**Work request:**
Reproduce every record below exactly as written, but leave out any pictures.

**Data shown:**
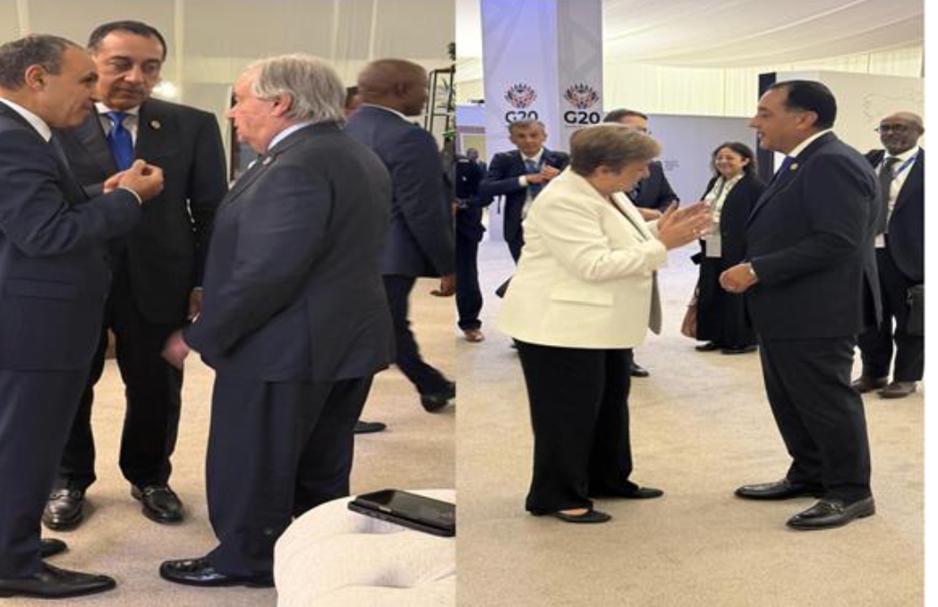 حدث على هامش مشاركته نيابة عن الرئيس عبد الفتاح السيسي، رئيس الجمهورية، في قمة مجموعة العشرين (G20) لعام 2025 بمدينة جوهانسبرج في جنوب أفريقيا، إلتقى الدكتور مصطفى مدبولي، رئيس مجلس الوزراء، مساء اليوم، على هامش جلسات اليوم الأول للقمة، كلاً من أنطونيو جوتيريش، سكرتير عام الأمم المتحدة، وكريستينا جورجيفا، مديرة صندوق النقد الدولي، وذلك بحضور الدكتور بدر عبدالعاطي، وزير الخارجية والهجرة وشئون المصريين بالخارج.
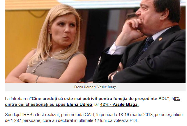 Nu știm dacă a fost introdusă și Macovei în sondaj. Cel mai probabil votanții au fost întrebați pe cine preferă între Udrea și Blaga.
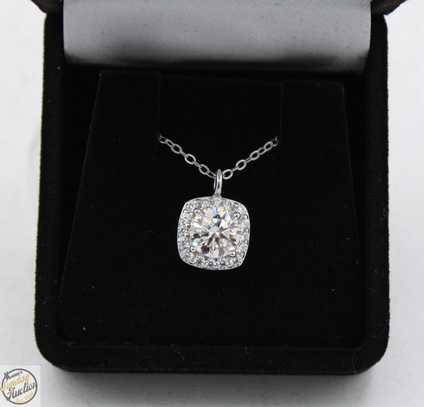 CUT MOISSANITE STONE VVS D COLOR WITH 25 ROUND BRILLIANT CUT CUBIC ZIRCONIA SET IN SQUARE HALO AND IN BALE SET IN 925 SILVER PENDANT RETAIL VALUE $900.00 **ALL ITEMS MUST BE REMOVED BY 5PM SATURDAY, JULY 26th 2025. ALL REMAINING ITEMS WILL BE SUBJECT TO A $6.00 PER DAY STORAGE CHARGE. ANY ITEMS REMAINING AFTER MONDAY, AUGUST 11TH 2025 WILL BE CONSIDERED FORFEITED. NO REFUNDS WILL BE ISSUED FOR FORFEITED ITEMS. TO SCHEDULE A PICK UP APPOINTMENT CLICK HERE
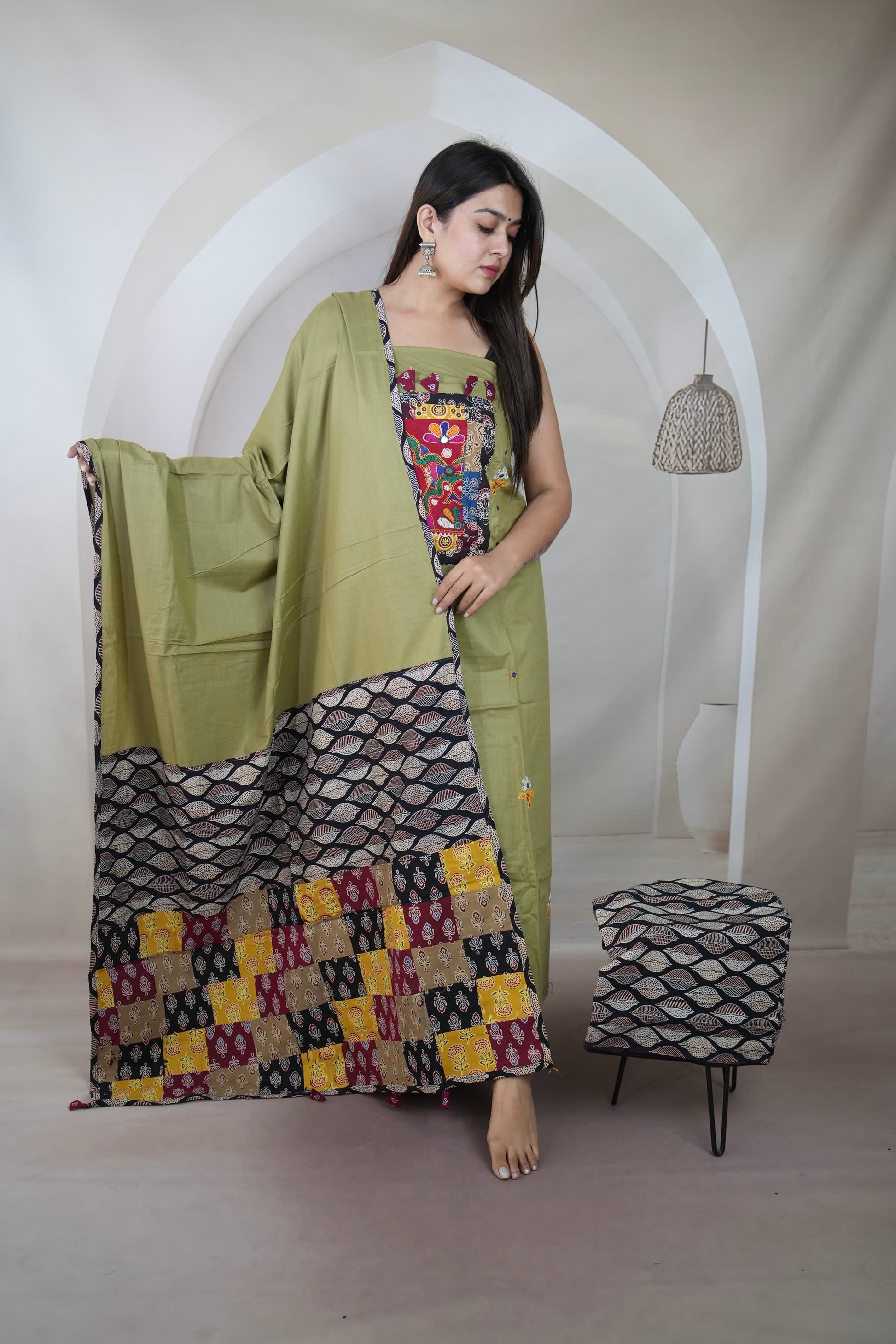 Beige Ajarakh Antique Patchwork Cotton Suit Material
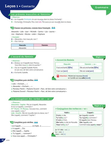 A : – Je m’appelle Christophe. Je suis nouveau dans la classe. Enchanté ! B : – Enchantée, Christophe. Moi, c’est Julie. Moi aussi, je suis nouvelle dans la classe. 13 Classez ces prénoms, comme dans l’exemple.
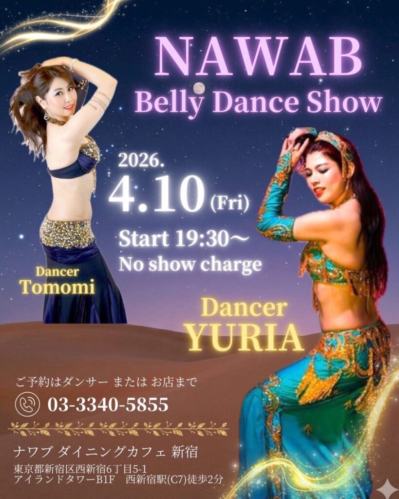 4/10(金) Restaurant Show@NAWAB(西新宿) 2026 4/09 イベント・ショー紹介 2026/04/09 4/10(金)は、西新宿駅すぐの素敵なレストラン、ナワブに出演します🌸 生徒のTomomiも踊ります✨ 19時半ショースタート❣️ 皆様、ぜひお食事とベリーダンスを楽しみにいらしてください🩷 イベント・ショー紹介 YURIA セクシー田中さん ベリーダンス ゆりあ ユリア 原宿 国分寺 春日部 用賀 蒲田 4/6(月)〜4月12日(日) レッスンのお知らせ 関連記事 4/4(土)13:00〜 4月誕生祭@シルクロードカフェ(錦糸町) 2026/03/26 4/2(木) Restaurant Show @Cafe Bohemia (渋谷) 2026/03/15 3/29(日)The Arabian Night @六本木 R3 Club Lounge 2026/03/11 3/14(金) Restaurant Show @RUMI(高円寺) 2026/02/23 2/27(金)Restaurant Show @フィッシュテール(上本郷) 2026/02/05 2/22(日)The Arabian Night @六本木 R3 Club Lounge 2026/02/05 2/21(土) オペラ 独身貴族の遺言@新宿ガルバホール(西新宿) 2026/02/05 2/13(金) Restaurant Show @RUMI(高円寺) 2026/02/01
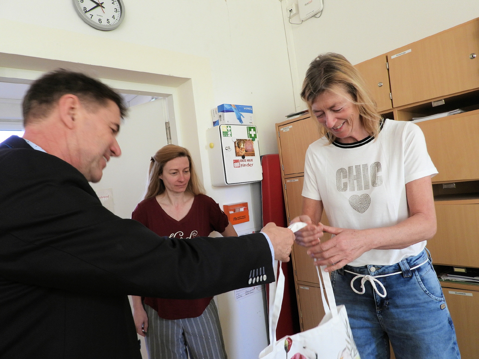 Wie jedes Jahr hat es sich der Ortsbeirat nicht nehmen lassen, den Frauen in den pädagogischen Einrichtungen, der Inselschule Töplitz und der Kita-Inselnest sowie den Frauen der technischen Teams beider Einrichtungen zum Internationalen Frauentag zu gratulieren. Der Ortsvorsteher von Töplitz, Frank Ringel, hat nicht nur die Grüße des Ortsbeirates übermittelt, sondern auch ein kleines Dankeschön-Präsent überreicht.
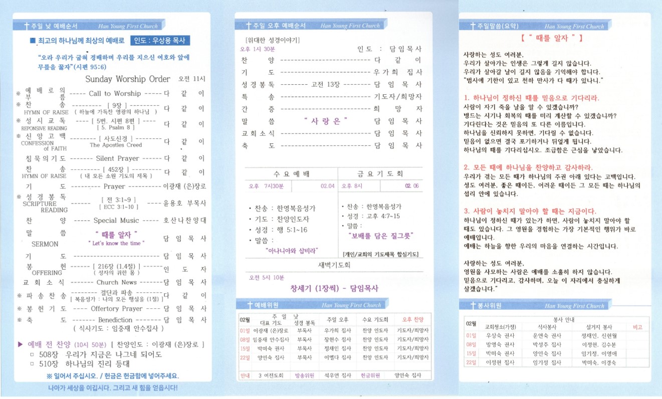 한영제일교회 2026년 02월 01일 주보
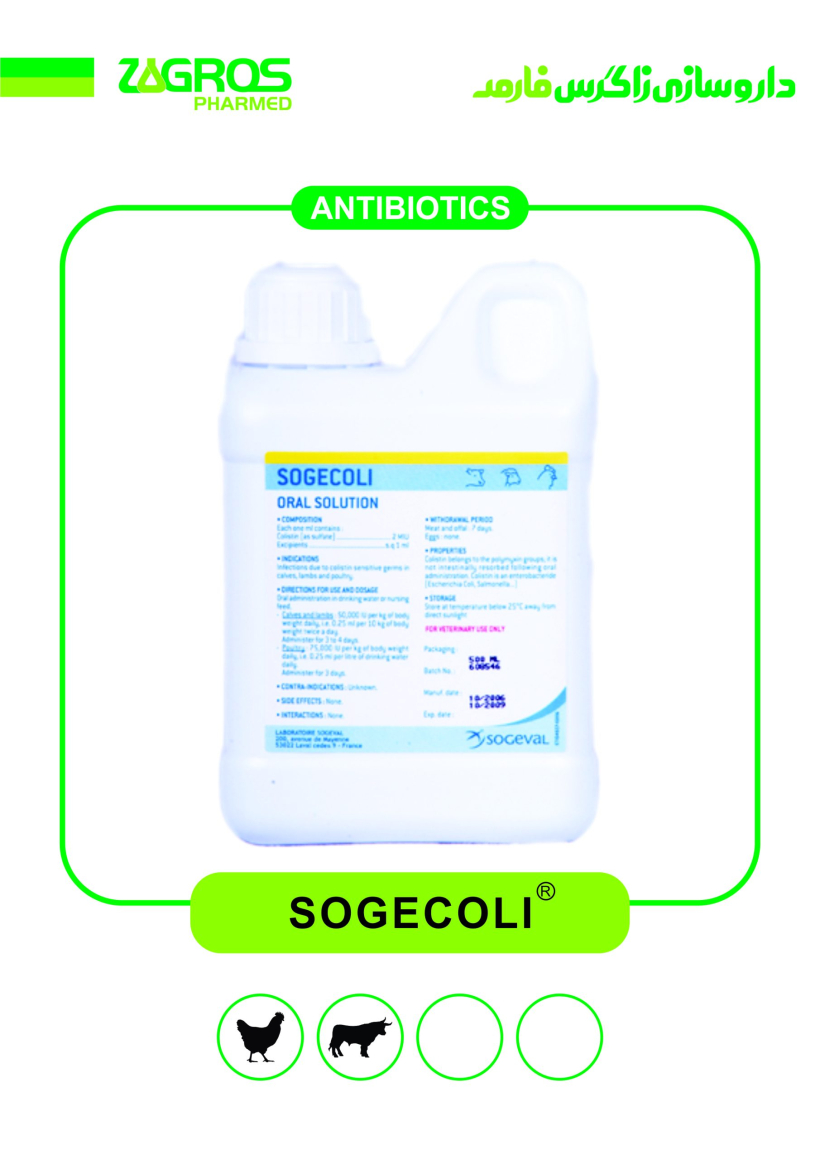 گوساله‌ و بره‌: ۵۰۰۰۰ واحد بین‌المللی‌ به‌ ازای‌ هرکیلوگرم‌ وزن‌ بدن‌ هر ۱۲ ساعت‌ یک‌ بار به‌ مدت‌ ۳ تا ۴روز در آب‌ آشامیدنی‌ یا مخلوط‌ با غذای‌ مایع‌، معادل‌۲۵/۰ میلی‌لیتر از محلول‌ سوژیکلای‌ برای‌ ۱۰ کیلوگرم‌وزن‌ زنده‌، روزی‌ ۲ بار به‌ مدت‌ ۳ تا ۴ روز.
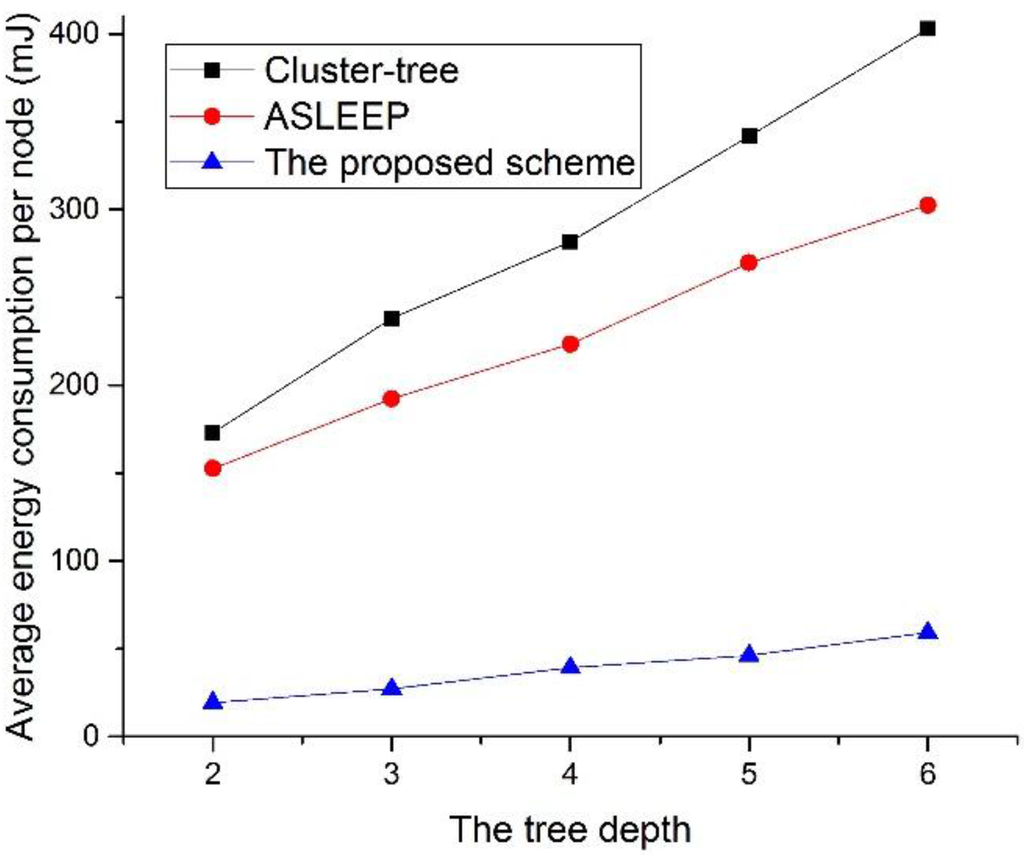 As shown in Figure 28, apparently, the proposed protocol obtains the lowest energy consumption. In two legacy protocols, the contention overhead for the channel access increases and the channel listening occurred by the contention or the retransmission by the collision increases as the tree level of the network increases. Thus, the energy consumption of the device that uses the IEEE 802.15.4 standard or the ASLEEP scheme increases in proportion to the tree level of the network. Of course, the energy consumption of the proposed scheme is proportional to the increase of the tree level. However, the energy consumption of the proposed scheme is superior to the energy consumptions of two legacy protocols. This is because the retransmission or the transmission attempts by the collision or the frame error of the proposed scheme is the lowest.
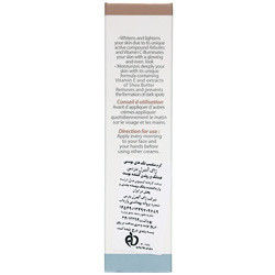 تابش بیش از حد نور خورشید و قرار گرفتن در معرض نور خورشید در مدت طولانی خیلی سریع باعث به وجود آمدن لک های تیره (کک و مک) و نیز بروز چروک می شود. در زمان استفاده از این کرم از قرار گرفتن در معرض نور خورشید به مدت طولانی اجتناب کنید. نوآوری این فرمول آمیزه ای از ترکیبات روشن کننده موثر برگرفته از عصاره گیاهان و ویتامین E به عنوان یک مرطوب کننده برای پیشگیری و کاهش لک های تیره می باشد. آربوتین به منظور کاهش اثرات زیانبار نور خورشید و به خصوص با توجه به اثرات رادیکال های آزاد با کاهش تولید ملانین از به وجود آمدن رنگدانه های تیره بر روی پوست پیشگیری می کند. حضور ویتامین C یکی دیگر از آنتی اکسیدان های قوی و عامل کاهش رنگدانه در پوست می باشد، همچنین به کاهش ظهور لک تیره و در نتیجه محدود کردن انتقال ملانین به سطح پوست جلوگیری می نماید.
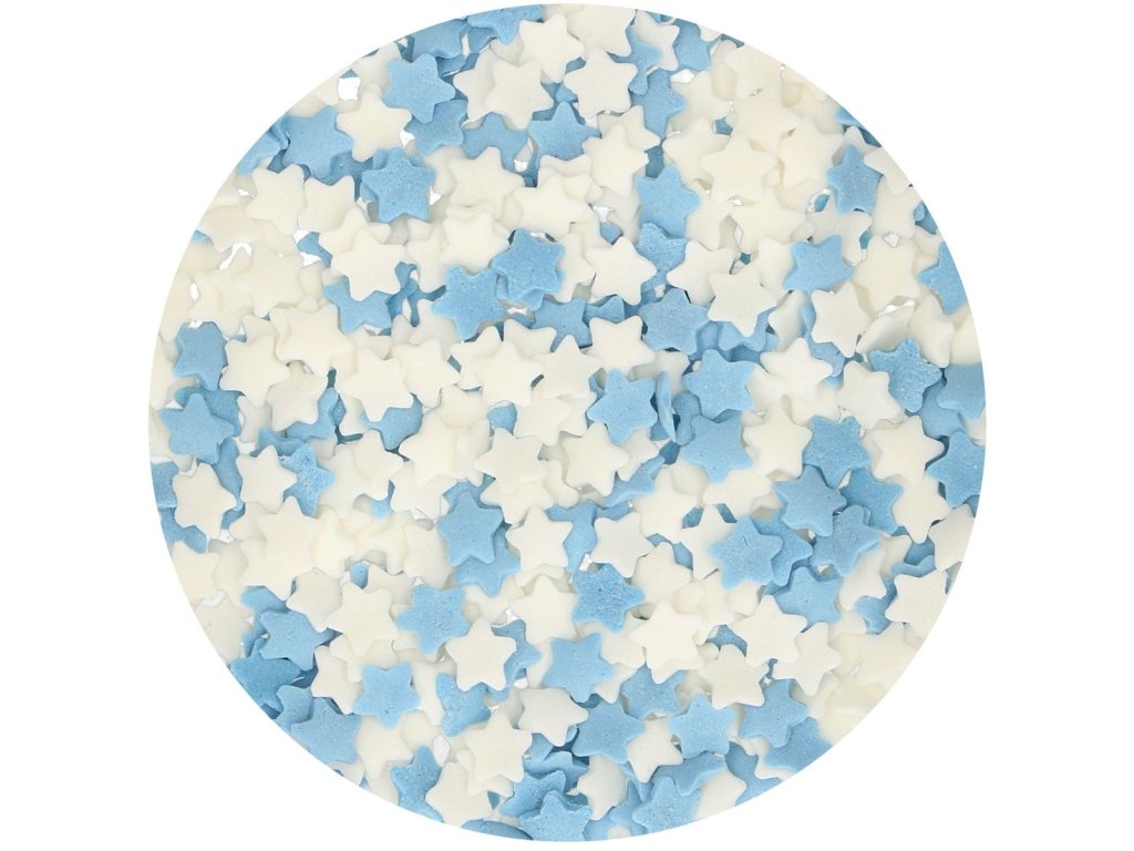 A kék és fehér csillagok olyan cukrászati díszítő elemek, amelyek nagyon jól mutatnak tortákon, süteményeken, donuts - on, cupcake - en vagy más desszerten téli vagy karácsonyi témával. Ehető ragasztóval, glazúrákkal vagy csokoládéval rögzíthetők.
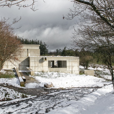 Una construcción sin partida de nacimiento ni autor, enraizada a tierra como la sabia arquitectura popular de la comarca. Los muros que lo construyen, las cubiertas vegetales son ya parte integrante del lugar. Desde el Castro es apenas visto, disipa su presencia en la floresta. Busca el anonimato, ser una presencia discreta de poderosa y rigurosa geometría.

**Output of the exercise:**
 حدث على هامش مشاركته نيابة عن الرئيس عبد الفتاح السيسي، رئيس الجمهورية، في قمة مجموعة العشرين (G20) لعام 2025 بمدينة جوهانسبرج في جنوب أفريقيا، إلتقى الدكتور مصطفى مدبولي، رئيس مجلس الوزراء، مساء اليوم، على هامش جلسات اليوم الأول للقمة، كلاً من أنطونيو جوتيريش، سكرتير عام الأمم المتحدة، وكريستينا جورجيفا، مديرة صندوق النقد الدولي، وذلك بحضور الدكتور بدر عبدالعاطي، وزير الخارجية والهجرة وشئون المصريين بالخارج.
 Nu știm dacă a fost introdusă și Macovei în sondaj. Cel mai probabil votanții au fost întrebați pe cine preferă între Udrea și Blaga.
 CUT MOISSANITE STONE VVS D COLOR WITH 25 ROUND BRILLIANT CUT CUBIC ZIRCONIA SET IN SQUARE HALO AND IN BALE SET IN 925 SILVER PENDANT RETAIL VALUE $900.00 **ALL ITEMS MUST BE REMOVED BY 5PM SATURDAY, JULY 26th 2025. ALL REMAINING ITEMS WILL BE SUBJECT TO A $6.00 PER DAY STORAGE CHARGE. ANY ITEMS REMAINING AFTER MONDAY, AUGUST 11TH 2025 WILL BE CONSIDERED FORFEITED. NO REFUNDS WILL BE ISSUED FOR FORFEITED ITEMS. TO SCHEDULE A PICK UP APPOINTMENT CLICK HERE
 Beige Ajarakh Antique Patchwork Cotton Suit Material
 A : – Je m’appelle Christophe. Je suis nouveau dans la classe. Enchanté ! B : – Enchantée, Christophe. Moi, c’est Julie. Moi aussi, je suis nouvelle dans la classe. 13 Classez ces prénoms, comme dans l’exemple.
 4/10(金) Restaurant Show@NAWAB(西新宿) 2026 4/09 イベント・ショー紹介 2026/04/09 4/10(金)は、西新宿駅すぐの素敵なレストラン、ナワブに出演します🌸 生徒のTomomiも踊ります✨ 19時半ショースタート❣️ 皆様、ぜひお食事とベリーダンスを楽しみにいらしてください🩷 イベント・ショー紹介 YURIA セクシー田中さん ベリーダンス ゆりあ ユリア 原宿 国分寺 春日部 用賀 蒲田 4/6(月)〜4月12日(日) レッスンのお知らせ 関連記事 4/4(土)13:00〜 4月誕生祭@シルクロードカフェ(錦糸町) 2026/03/26 4/2(木) Restaurant Show @Cafe Bohemia (渋谷) 2026/03/15 3/29(日)The Arabian Night @六本木 R3 Club Lounge 2026/03/11 3/14(金) Restaurant Show @RUMI(高円寺) 2026/02/23 2/27(金)Restaurant Show @フィッシュテール(上本郷) 2026/02/05 2/22(日)The Arabian Night @六本木 R3 Club Lounge 2026/02/05 2/21(土) オペラ 独身貴族の遺言@新宿ガルバホール(西新宿) 2026/02/05 2/13(金) Restaurant Show @RUMI(高円寺) 2026/02/01
 Wie jedes Jahr hat es sich der Ortsbeirat nicht nehmen lassen, den Frauen in den pädagogischen Einrichtungen, der Inselschule Töplitz und der Kita-Inselnest sowie den Frauen der technischen Teams beider Einrichtungen zum Internationalen Frauentag zu gratulieren. Der Ortsvorsteher von Töplitz, Frank Ringel, hat nicht nur die Grüße des Ortsbeirates übermittelt, sondern auch ein kleines Dankeschön-Präsent überreicht.
 한영제일교회 2026년 02월 01일 주보
 گوساله‌ و بره‌: ۵۰۰۰۰ واحد بین‌المللی‌ به‌ ازای‌ هرکیلوگرم‌ وزن‌ بدن‌ هر ۱۲ ساعت‌ یک‌ بار به‌ مدت‌ ۳ تا ۴روز در آب‌ آشامیدنی‌ یا مخلوط‌ با غذای‌ مایع‌، معادل‌۲۵/۰ میلی‌لیتر از محلول‌ سوژیکلای‌ برای‌ ۱۰ کیلوگرم‌وزن‌ زنده‌، روزی‌ ۲ بار به‌ مدت‌ ۳ تا ۴ روز.
 As shown in Figure 28, apparently, the proposed protocol obtains the lowest energy consumption. In two legacy protocols, the contention overhead for the channel access increases and the channel listening occurred by the contention or the retransmission by the collision increases as the tree level of the network increases. Thus, the energy consumption of the device that uses the IEEE 802.15.4 standard or the ASLEEP scheme increases in proportion to the tree level of the network. Of course, the energy consumption of the proposed scheme is proportional to the increase of the tree level. However, the energy consumption of the proposed scheme is superior to the energy consumptions of two legacy protocols. This is because the retransmission or the transmission attempts by the collision or the frame error of the proposed scheme is the lowest.
 تابش بیش از حد نور خورشید و قرار گرفتن در معرض نور خورشید در مدت طولانی خیلی سریع باعث به وجود آمدن لک های تیره (کک و مک) و نیز بروز چروک می شود. در زمان استفاده از این کرم از قرار گرفتن در معرض نور خورشید به مدت طولانی اجتناب کنید. نوآوری این فرمول آمیزه ای از ترکیبات روشن کننده موثر برگرفته از عصاره گیاهان و ویتامین E به عنوان یک مرطوب کننده برای پیشگیری و کاهش لک های تیره می باشد. آربوتین به منظور کاهش اثرات زیانبار نور خورشید و به خصوص با توجه به اثرات رادیکال های آزاد با کاهش تولید ملانین از به وجود آمدن رنگدانه های تیره بر روی پوست پیشگیری می کند. حضور ویتامین C یکی دیگر از آنتی اکسیدان های قوی و عامل کاهش رنگدانه در پوست می باشد، همچنین به کاهش ظهور لک تیره و در نتیجه محدود کردن انتقال ملانین به سطح پوست جلوگیری می نماید.
 A kék és fehér csillagok olyan cukrászati díszítő elemek, amelyek nagyon jól mutatnak tortákon, süteményeken, donuts - on, cupcake - en vagy más desszerten téli vagy karácsonyi témával. Ehető ragasztóval, glazúrákkal vagy csokoládéval rögzíthetők.
 Una construcción sin partida de nacimiento ni autor, enraizada a tierra como la sabia arquitectura popular de la comarca. Los muros que lo construyen, las cubiertas vegetales son ya parte integrante del lugar. Desde el Castro es apenas visto, disipa su presencia en la floresta. Busca el anonimato, ser una presencia discreta de poderosa y rigurosa geometría.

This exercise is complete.